*Extracted records*.
= = =
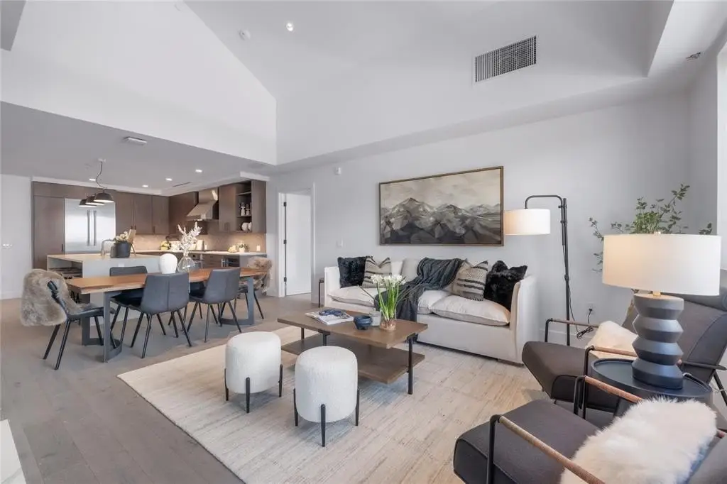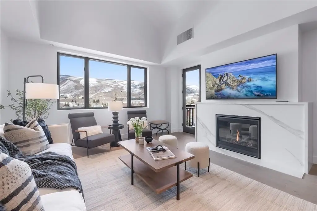 This desirable 2-bedroom, 2-bath residence boasts a coveted top-floor location with cathedral ceilings in the living room, abundant natural light from the north, and mountain views from its large balcony. The contemporary layout is designed for comfort, livability, and style, featuring a spacious open floor plan with 9-foot ceilings, Arrigoni hardwood floors, stainless steel kitchen appliances, a walk-in closet, owner's storage, and a cutting-edge finish package. Includes one unassigned parking space, plus access to numerous guest spaces. Frontgate | Avon is a new, astutely appointed, amenity-rich development featuring a masterfully designed four-story condominium building with 75 residences and 9 townhomes. Located adjacent to the entrance of Beaver Creek Resort, this limited collection of modern mountain properties is thoughtfully integrated into the natural environment. Envisioned to bring residents closer to nature, Frontgate | Avon offers The Springs Outdoor Oasis & Pioneer Plunge—a year-round outdoor bromine pool, water slide, and 15- and 35-person hot tubs—along with a Mountainside Courtyard with fire pits, outdoor grills, and gathering spaces. Additional amenities include community bikes and e-bikes, two sports simulators, a top-tier fitness center with an outdoor mountainside workout area, and a game room. On-site conveniences include dedicated shuttles to Beaver Creek and Vail, ski and boot lockers, underground heated parking, EV charging, a car wash, dog wash, property management services, and a grab-and-go market.
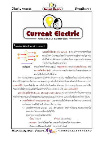 - Direct Current - มัธยมศึกษา 6 Weerawatyothin School WORRACHET BOONYONG - 1 - กระแสไฟฟ้า (Electric current : I) คือ อัตราการเคลื่อนที่ของ ประจุไฟฟ้า โดยกระแสไฟฟ้าไหลจากที่มีศักย์ไฟฟ้าสูง ไปยังที่มี ศักย์ไฟฟ้าต่่า มีทิศตามการเคลื่อนที่ของประจุบวก หรือ ทิศตรง ข้ามกับการเคลื่อนที่ของประจุลบ หมายเหตุ กระแสไฟฟ้าที่เรียนกันอยู่เป็น ส่วน เป็นกระแสสมมติ กระแสอิเล็กตรอน เกิดจากการเคลื่อนที่ของอิเล็กตรอนอิสระจากกระแสไฟฟ้าแท้จริง ศักย์ไฟฟ้าต่่าไปหาศักย์ไฟฟ้าสูง ถ้าเราน่าตัวน่าที่มีประจุและมีศักย์ไฟฟ้าต่างกัน มาวางติดกัน หรือใช้ลวดโลหะตัวน่าเชื่อมต่อกัน ตัวน่าที่มีประจุทั้งสองก็จะเกิดการถ่ายเทประจุระหว่างตัวน่าทั้งสองผ่านลวดโลหะตัวน่า เรากล่าวว่ามี ในลวดตัวน่านั้น จนกระทั่งศักย์ไฟฟ้าบนตัวน่าทั้งสองเท่ากัน ประจุหยุดถ่ายเท กระแสไฟฟ้ากระแสไฟฟ้า ก็หมดไป เพื่อให้เกิดกระแสไฟฟ้าในลวดตัวน่านั้นอย่างต่อเนื่องต้องใช้ แหล่งกาเนิดไฟฟ้า แหล่งกาเนิดไฟฟ้า (Source of electromotive force) คือ แหล่งก่าเนิดที่ท่าให้เกิดความต่าง ศักย์ไฟฟ้าระหว่างปลายทั้งสองของตัวน่าอยู่ตลอดเวลา เช่น ถ่านไฟฉาย แบตเตอรี่ เครื่องก่าเนิดไฟฟ้า เป็นต้น 1. เซลล์ไฟฟ้าเคมี (Electrochemical) ประกอบด้วยขั้วไฟฟ้าบวก ขั้วไฟฟ้าลบ และสารเคมี ภายในเซลล์ เซลล์ไฟฟ้าเคมี แบ่งออกเป็น 2 ประเภท 1.1 เซลล์ไฟฟ้าปฐมภูมิ (primary cell) เช่น เซลล์แห้ง หรือถ่านไฟฉาย เมื่อสารเคมีถูกใช้ หมดแล้วจะไม่สามารถน่ามาอัดไฟได้อีก ส่วนประกอบของถ่านไฟฉายทั่วไป สังกะสี แท่งคาร์บอนขั้วลบ ขั้วบวก มังกานีสไดออกไซด์ และแอมโมเนียคลอไรด์ ลักษณะเปียกของผสม เป็นผงถ่าน ให้แรงเคลื่อนไฟฟ้า ประมาณ 1.5 โวลต์ กระแสไฟฟ้า (Electric current)1
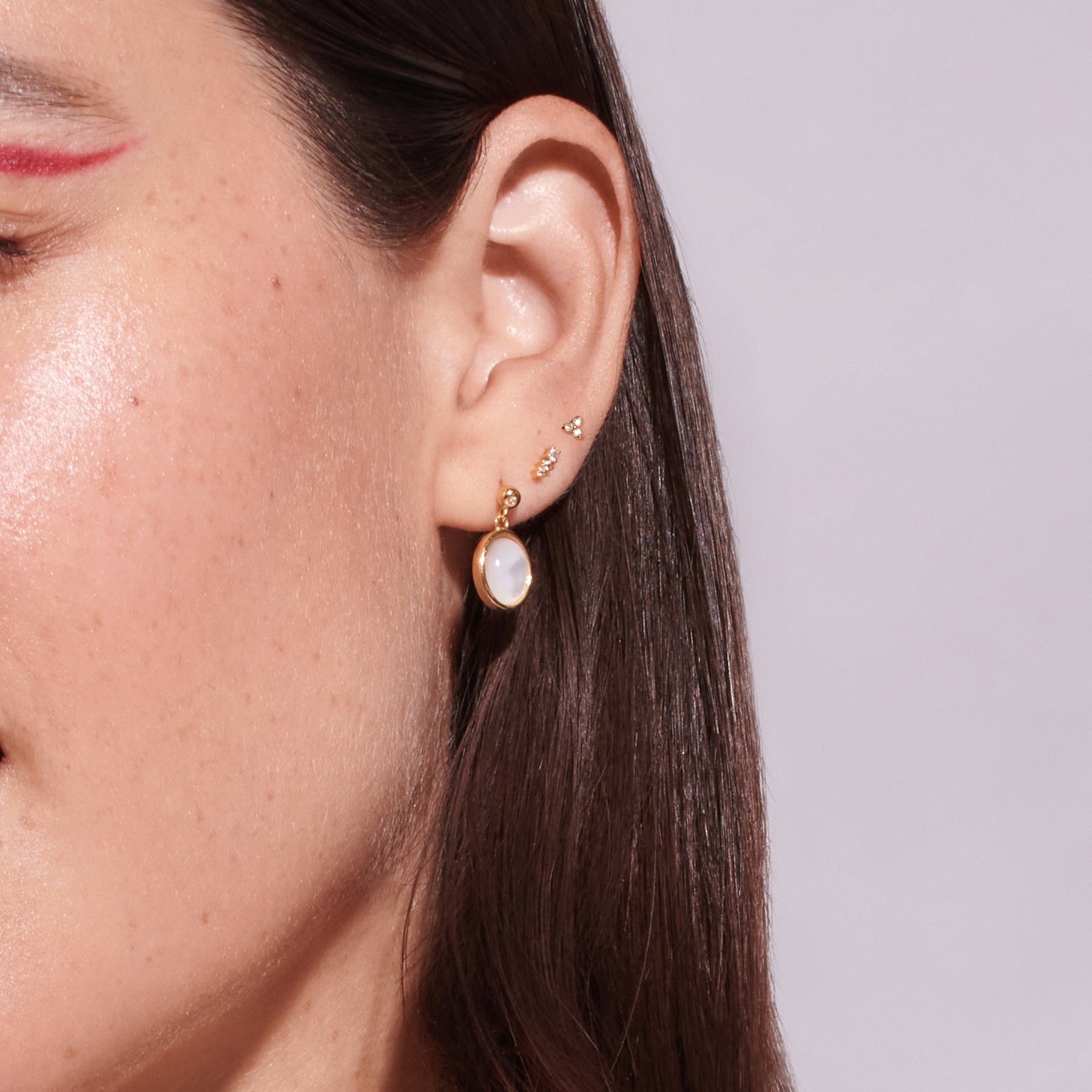 Crafted with the utmost precision and adorned with sparkling white topaz gemstones, these micro stud earrings are a true testament to the art of fine jewellery. Designed in collaboration with the renowned Jacqueline Jossa, they are the perfect embodiment of modern glamour and timeless charm.
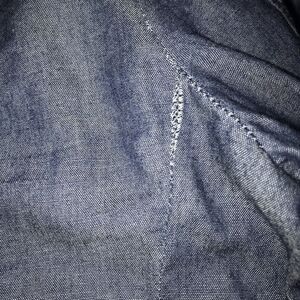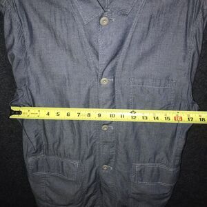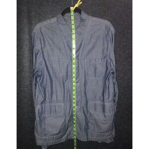 All Saints Thirty Eight Lightweight Renfield Jacket Chambray Denim Like Buttons* Chore style. Size tag not found, according to the allsaints website, the pit to pit measurement shows 18 ", so overall chest size is 36. So appears to fit like a small.
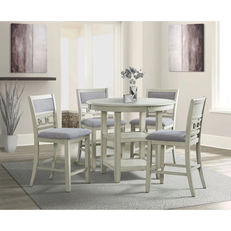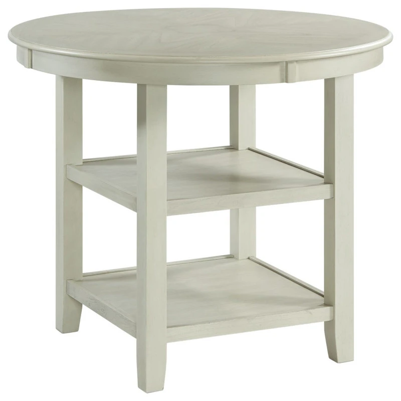 The Picket House Furnishings Taylor Counter Height Dining Table will look fantastic in your dining room! This table is ideal for small space living. The round table top lets you move around with ease, while the extra shelf in the base lets you store away anything you might need during your meal. The bisque finish is striking and will look great with any decor you might have. The kicked out legs definitely add extra style to this already stunning piece. The transitional design of this piece will easily become a staple in your home year after year.
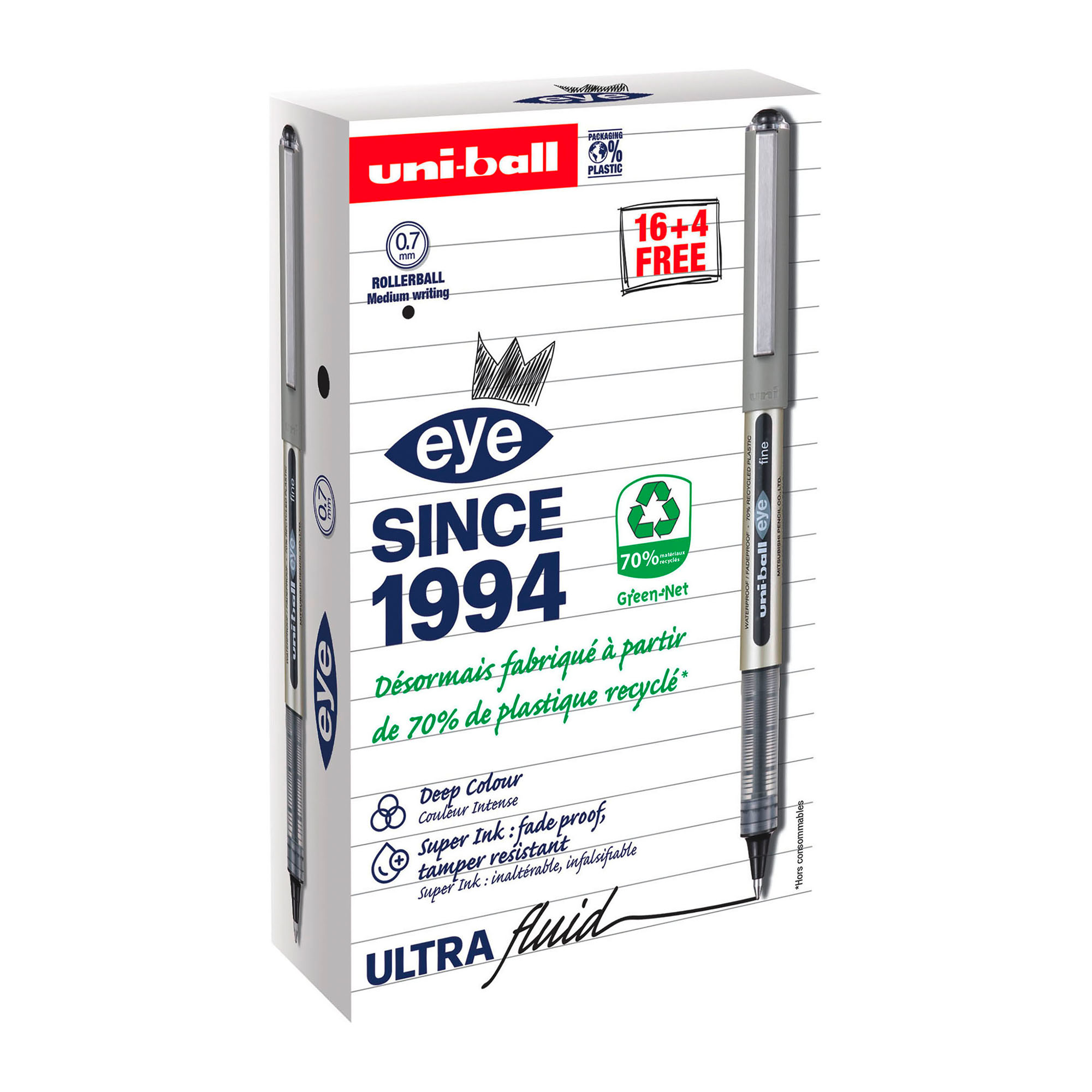 Description détailléeLot de 20 rollers encre liquide dont 4 offerts.Technologie uni flow©Trait continu sans interruption.Écriture propre sans bavure ni coulure.Encre à base de pigments pour des couleurs intenses et lumineuses.Sécurité + : encre inaltérable et infalsifiable. Elle résiste à l'eau et aux solvants.Pas d'effacement dans le temps.Niveau d'encre toujours visible. Pointe en acier inoxydable 0,7 mm.
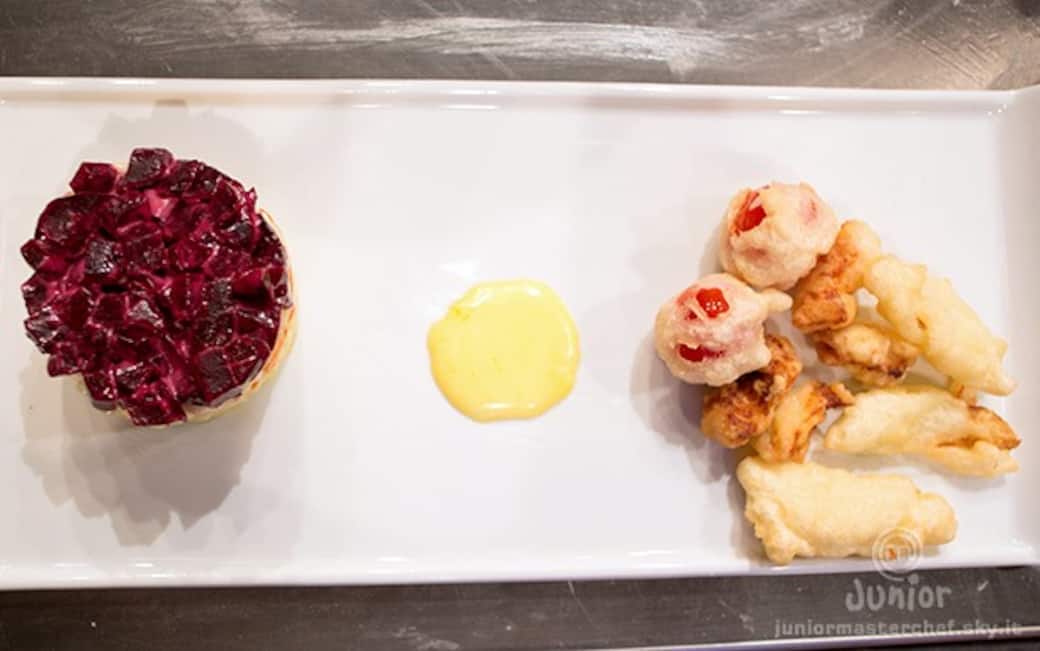 Comporre il tortino con l’aiuto di un coppa pasta, inserendo prima le patate condite con la maionese, poi la giardiniera, la cipolla e in ultimo le barbabietole, alternando i quattro strati.
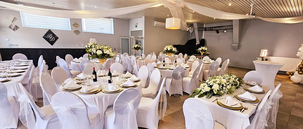 Personnalisez votre événement grâce à nos divers thèmes et coloris disponibles pour la décoration, moyennant un forfait supplémentaire à la location de la salle. Ou optez pour une de nos formules "tout compris" à découvrir lors de votre visite.
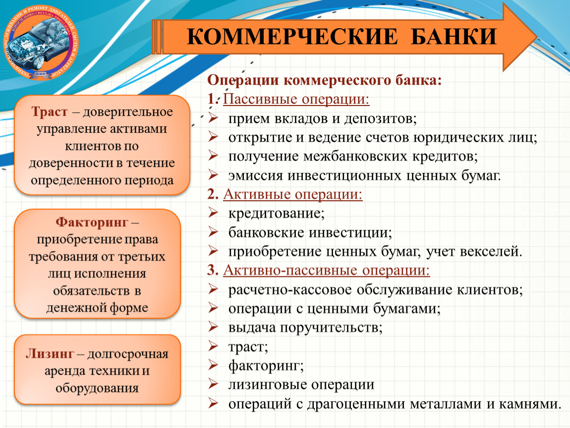 Операции коммерческого банка:
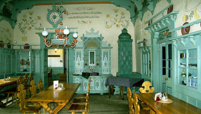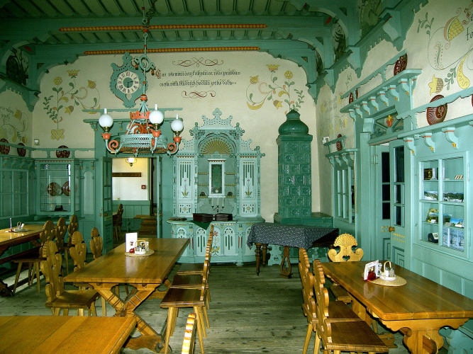 Nejkrásnější jídelna Libušín byla pojmenována k poctě české kněžny Libuše. Interiér byl vyzdoben freskami a sgrafity s motivy valašských a slovenských pověstí dle návrhů Mikoláše Alše. Portréty provedl akademický malíř Karel Štapler. K unikátům interiérů patřily tři secesní lustry, příborník, skleník a hodiny. Kolem stolů bylo umístěno sto vyřezávaných židlí. Podle odborníků patří Libušín k nejcennějším dílům, která architekt Jurkovič navrhnul.
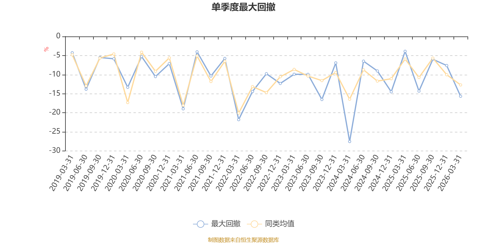 截至4月8日,基金近三年最大回撤为41.62%,同类可比基金排名474/550。单季度最大回撤出现在2024年一季度,为27.56%。
= = =
Your answer must be the lines from the one containing "Personnalisez votre événement" through the final line of the entries, duplicated exactly, with both ends kept and all pictures left out.

*Written reply*.
 Personnalisez votre événement grâce à nos divers thèmes et coloris disponibles pour la décoration, moyennant un forfait supplémentaire à la location de la salle. Ou optez pour une de nos formules "tout compris" à découvrir lors de votre visite.
 Операции коммерческого банка:
 Nejkrásnější jídelna Libušín byla pojmenována k poctě české kněžny Libuše. Interiér byl vyzdoben freskami a sgrafity s motivy valašských a slovenských pověstí dle návrhů Mikoláše Alše. Portréty provedl akademický malíř Karel Štapler. K unikátům interiérů patřily tři secesní lustry, příborník, skleník a hodiny. Kolem stolů bylo umístěno sto vyřezávaných židlí. Podle odborníků patří Libušín k nejcennějším dílům, která architekt Jurkovič navrhnul.
 截至4月8日,基金近三年最大回撤为41.62%,同类可比基金排名474/550。单季度最大回撤出现在2024年一季度,为27.56%。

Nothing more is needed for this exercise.